Brunner, A-M E.G., J.M. Mesias, and J.J. Bisagni
School for Marine Science & Technology and Physics Department,
University of Massachusetts Dartmouth
Availability of fifteen years (1985-1999) of declouded Advanced Very
High Resolution Radiometer (AVHRR) data from NOAA's polar-orbiting
satellites, processed using the NASA/NOAA Pathfinder sea surface
temperature (SST) algorithm, have produced high-quality SST products
that are useful for climate studies. However, products available
from the Jet Propulsion Laboratory have been limited to 54 km, 18
km, and 9 km resolution.

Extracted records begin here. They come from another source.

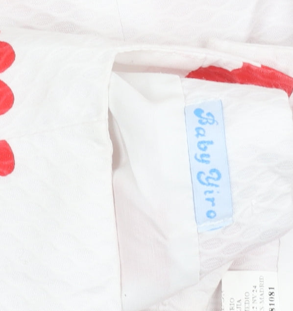 Brighten up her wardrobe with this charming Baby Giro girls’ dress, a perfect choice for special occasions or everyday play. Designed in a fresh white base with bold red floral prints, this delightful sleeveless dress captures a playful yet elegant style ideal for spring and summer wear. The A-line cut allows for comfortable movement, while the knee-length fit offers a sweet and traditional silhouette. Made from a soft polyester and cotton blended woven fabric, the dress achieves durability with a breathable lightweight feel, making it perfect for warmer weather. The lined interior adds a touch of quality and structure to the overall fit. Featuring a classic round neckline and a button fastening to the back, the dress combines practicality with charm, making it easy to wear and secure. The floral pattern truly stands out, providing a cheerful aesthetic that easily suits party settings, casual outings, or even family gatherings. Designed for girls aged 5 years, this dress provides a secure and comfortable fit with a chest measurement of approximately 26 inches and a waist size of 53 cm. Though gently pre-loved, the piece does show some light creasing and faint stains near the hemline, reflected in its condition grading of 'Good'. These small imperfections do not diminish the overall appeal or wearability of the dress. Its quality make ensures it retains charm and wear value for many more outings. Machine washable for easy care, this dress offers a combination of style and practicality parents will appreciate. Whether you’re planning for a party or simply seeking a comfortable yet stylish everyday piece, this Baby Giro dress is a beautiful addition. A bright, bold floral design paired with classic tailoring ensures it remains a timeless option for your little one’s wardrobe.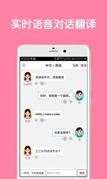 2.同声翻译:你说中文,她说英文,您输入英文她说中文,绝对是你学习英语,和老外交流OR做生意OR出国旅行,查询单词句子的强大工具。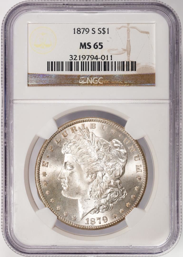 One 1879-S $1 Morgan Silver Dollar Coin NGC MS65. NGC Certified.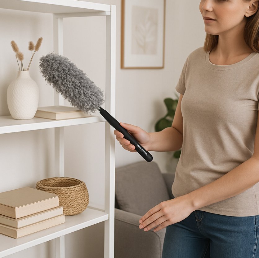 Głowica wykonana z delikatnej, a zarazem bardzo skutecznej mikrofibry – przyciąga kurz jak magnes, nie rysuje powierzchni i nadaje się do delikatnych przedmiotów, jak ekrany, półki czy ozdoby.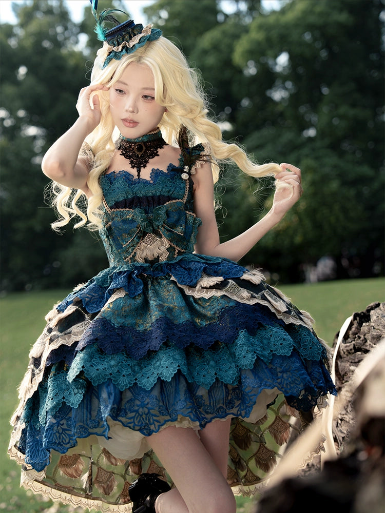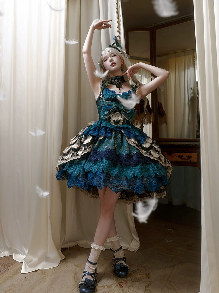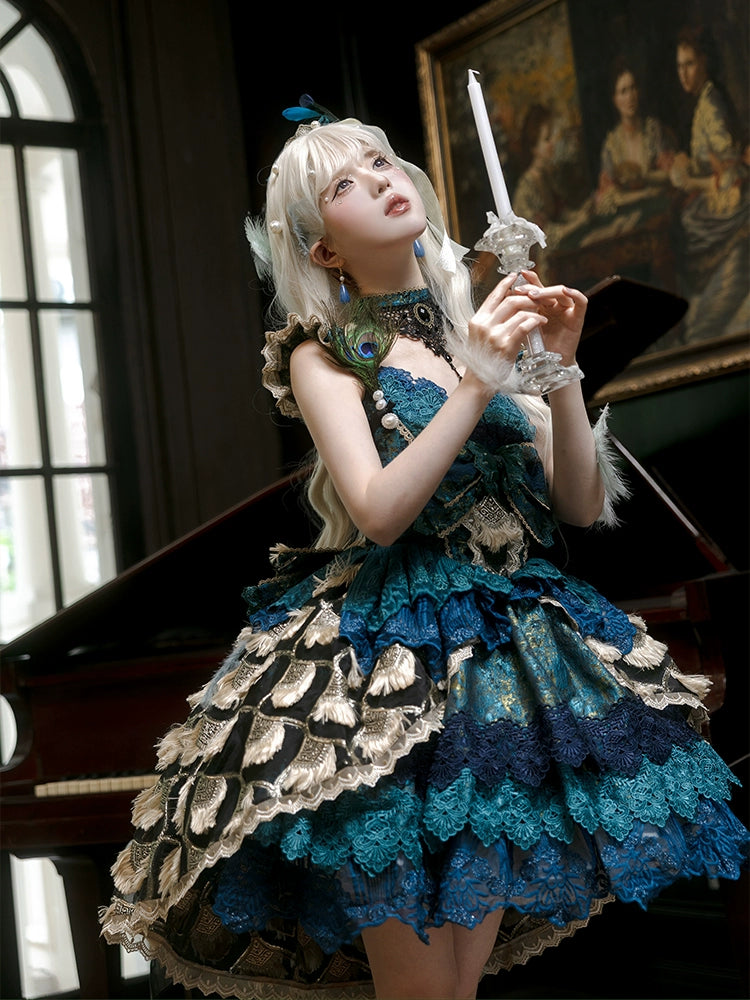 孔雀をイメージしてデザインされたミニドレス。ピーコックグリーンは深い青緑色で孔雀のような華やかな印象に。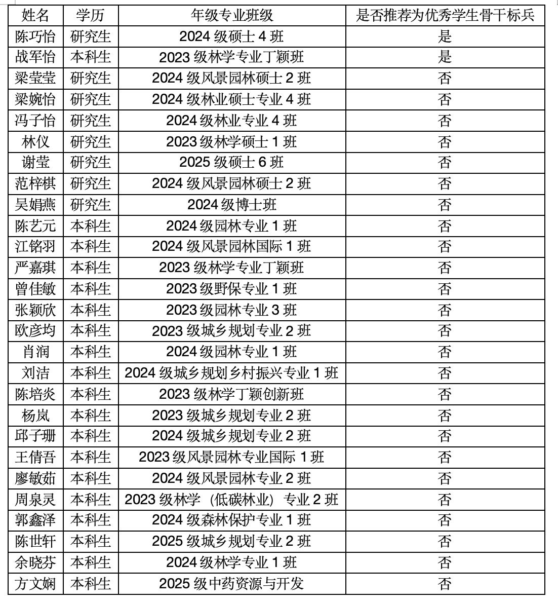 根据学校团委《关于评选表彰2025-2026年度 “华南农业大学红旗学生会(标兵)、红旗研究生会(标兵)”、“华南农业大学优秀学生骨干(标兵)” 的通知》要求,经自主申报、学院团委评审、报学院党委批准,现将2025-2026年度华南农业大学“优秀学生骨干(标兵)”拟推荐名单公示如下: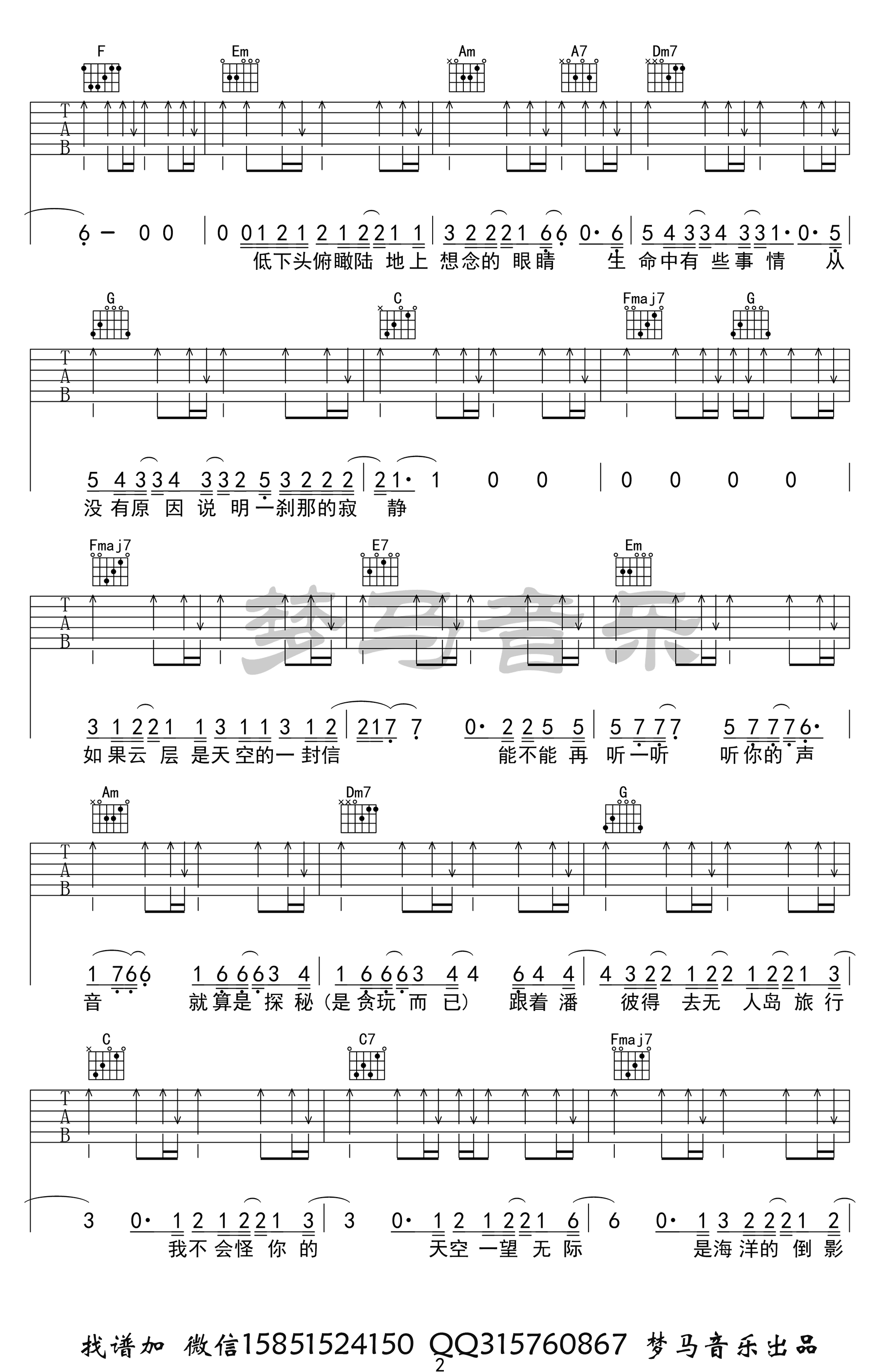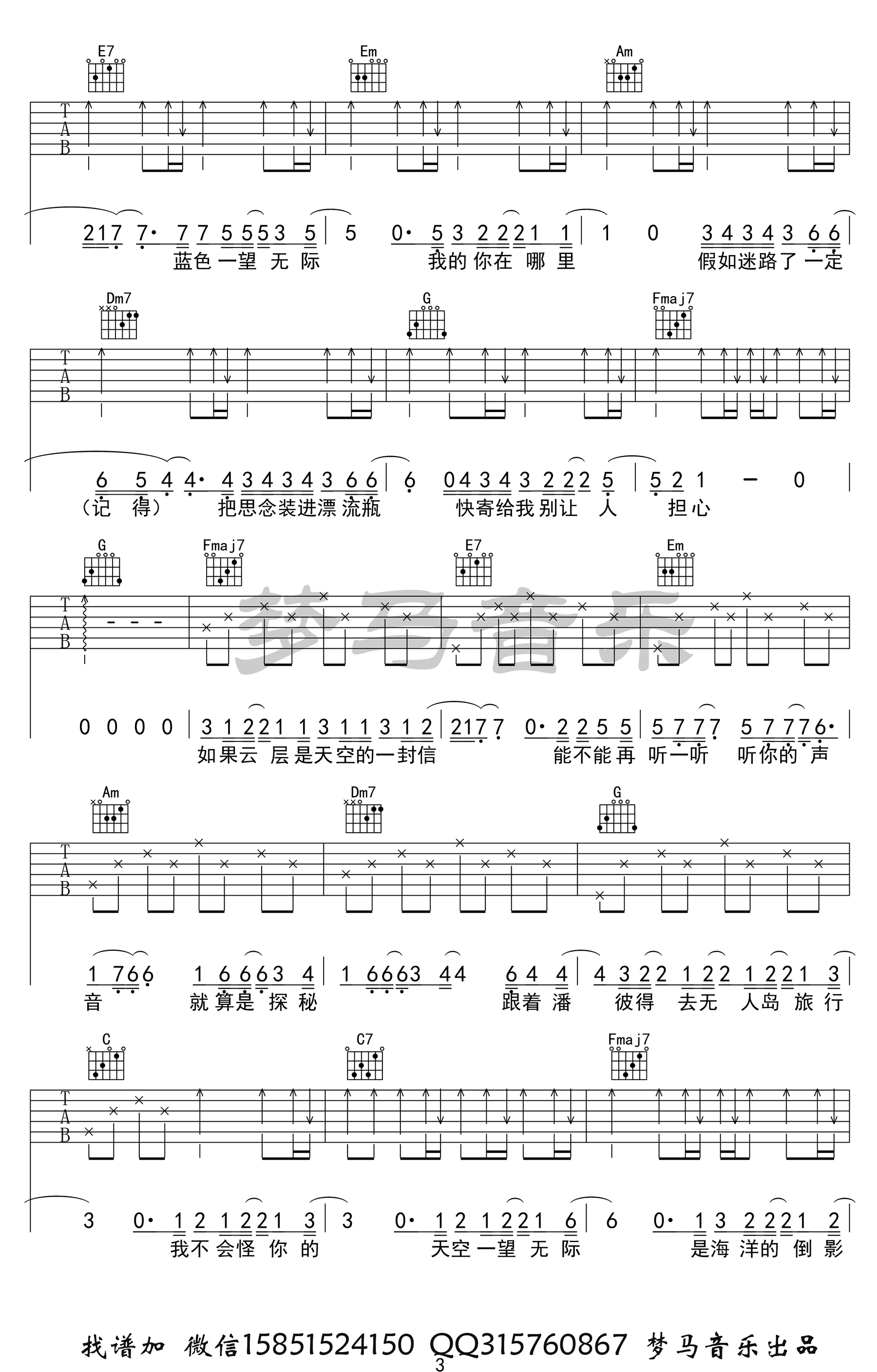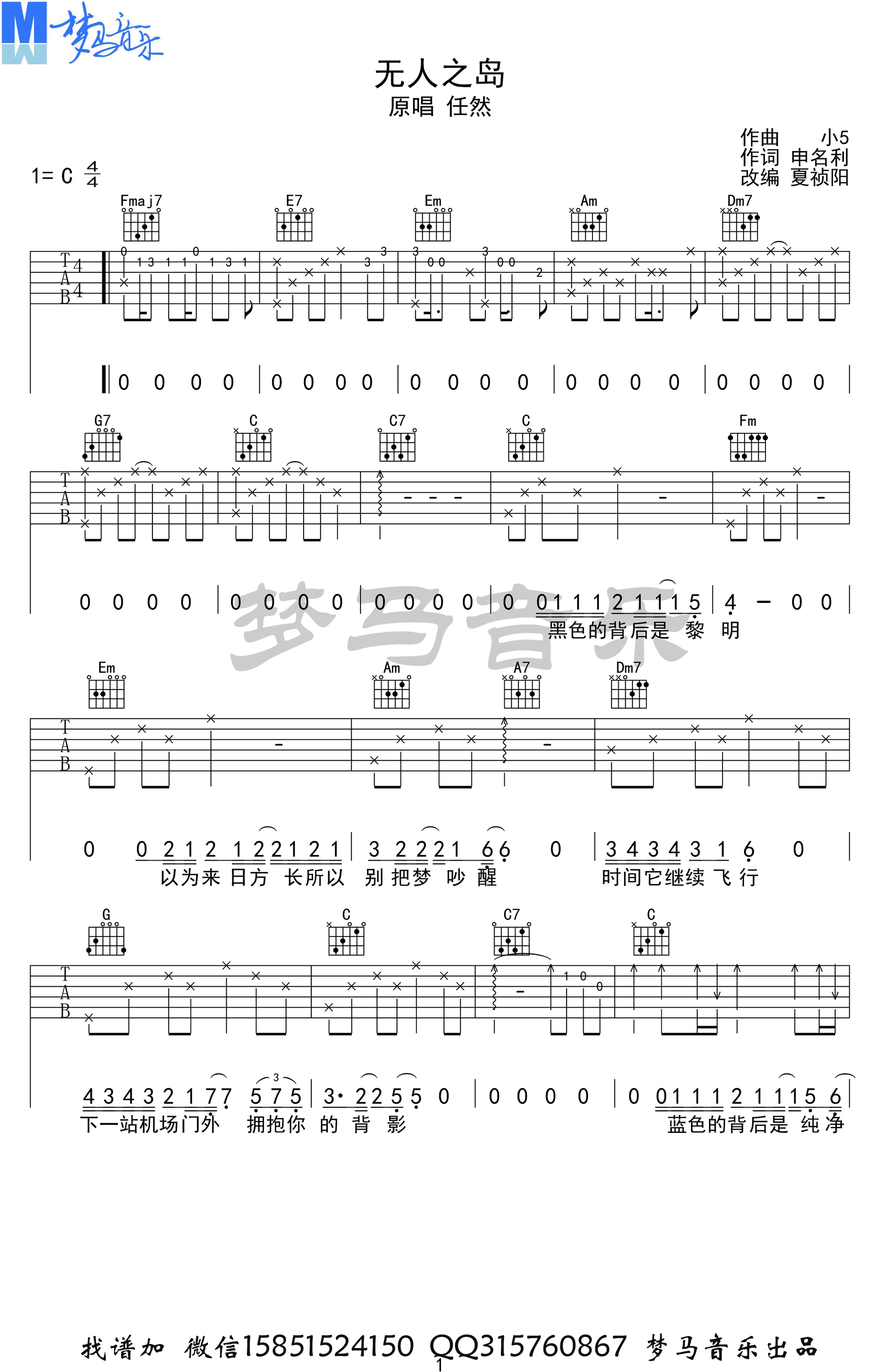 无人之岛吉他谱_任然_C调_高清图片谱 时间:2020-07-01 来源:梦马音乐 点击:次 《无人之岛》吉他谱,任然的一首网络热门歌曲,温柔的歌声,释怀酸涩的感情。无人之岛六线谱,C调指法,完整高清版共四张图片谱例。梦马音乐编配制谱,易唱网整理上传。 有些记忆,即使过了很久,也不敢触碰;有些人,即使不常见,但会刻在心里;有些感动,只有翻阅后才知道,如果云层是天空的一封信,我能不能听到你的声音?

Quality, high-resolution SST products are
now available through application of the Pathfinder SST algorithm to
full-resolution (1.1 km) AVHRR data by researchers located at the
University of Rhode Island's Graduate School of Oceanography
(URI/GSO). Through collaboration with URI/GSO, we have produced
high-resolution (1.2 km) monthly-mean SST fields for a large domain
located between 30 and 56 deg N latitude and 41 to 78 deg W
longitude in the western North Atlantic. Filtering of the monthly
mean fields involved creating different masks, in order to find
usable pixels, after a median-filter w as applied. Differencing
with long-term monthly mean fields will produce monthly SST anomaly
fields. Analysis of monthly-mean SST anomaly fields over the
15-year period will enable both basin-scale and localized studies of
SST changes possibly related to climate variability.